TASK DETAILS:
Only one stretch of the listing below is wanted. Begin at the line that has "사진 속 박보람은 두꺼운", stop after the line that has "Ngôi nhà rộng", and repeat every line in between exactly.

EXTRACTED MATERIAL:
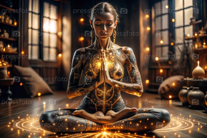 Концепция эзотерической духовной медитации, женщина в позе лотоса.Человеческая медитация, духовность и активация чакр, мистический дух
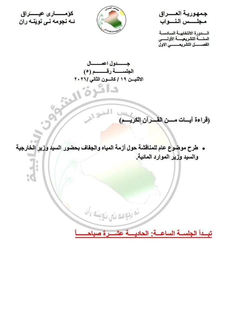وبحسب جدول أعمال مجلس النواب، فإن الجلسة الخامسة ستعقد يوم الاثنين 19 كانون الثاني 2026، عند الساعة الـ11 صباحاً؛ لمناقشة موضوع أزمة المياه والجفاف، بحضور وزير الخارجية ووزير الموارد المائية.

...

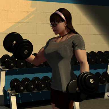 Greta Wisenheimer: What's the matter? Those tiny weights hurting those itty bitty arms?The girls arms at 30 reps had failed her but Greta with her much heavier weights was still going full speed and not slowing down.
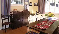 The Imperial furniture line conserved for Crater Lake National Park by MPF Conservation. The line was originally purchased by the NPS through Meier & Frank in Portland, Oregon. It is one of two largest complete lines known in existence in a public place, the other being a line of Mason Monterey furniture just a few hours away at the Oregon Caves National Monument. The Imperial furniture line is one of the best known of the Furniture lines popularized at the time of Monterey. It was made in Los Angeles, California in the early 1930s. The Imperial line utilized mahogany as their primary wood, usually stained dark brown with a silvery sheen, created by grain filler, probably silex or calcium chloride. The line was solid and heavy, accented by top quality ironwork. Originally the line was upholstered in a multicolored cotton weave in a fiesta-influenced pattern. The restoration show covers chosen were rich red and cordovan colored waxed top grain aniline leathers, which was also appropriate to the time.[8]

---

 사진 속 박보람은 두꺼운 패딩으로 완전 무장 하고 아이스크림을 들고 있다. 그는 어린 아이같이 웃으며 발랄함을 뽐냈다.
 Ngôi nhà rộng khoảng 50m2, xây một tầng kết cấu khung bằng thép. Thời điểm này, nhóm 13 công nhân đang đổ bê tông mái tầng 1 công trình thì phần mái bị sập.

ANSWER:
 사진 속 박보람은 두꺼운 패딩으로 완전 무장 하고 아이스크림을 들고 있다. 그는 어린 아이같이 웃으며 발랄함을 뽐냈다.
 Ngôi nhà rộng khoảng 50m2, xây một tầng kết cấu khung bằng thép. Thời điểm này, nhóm 13 công nhân đang đổ bê tông mái tầng 1 công trình thì phần mái bị sập.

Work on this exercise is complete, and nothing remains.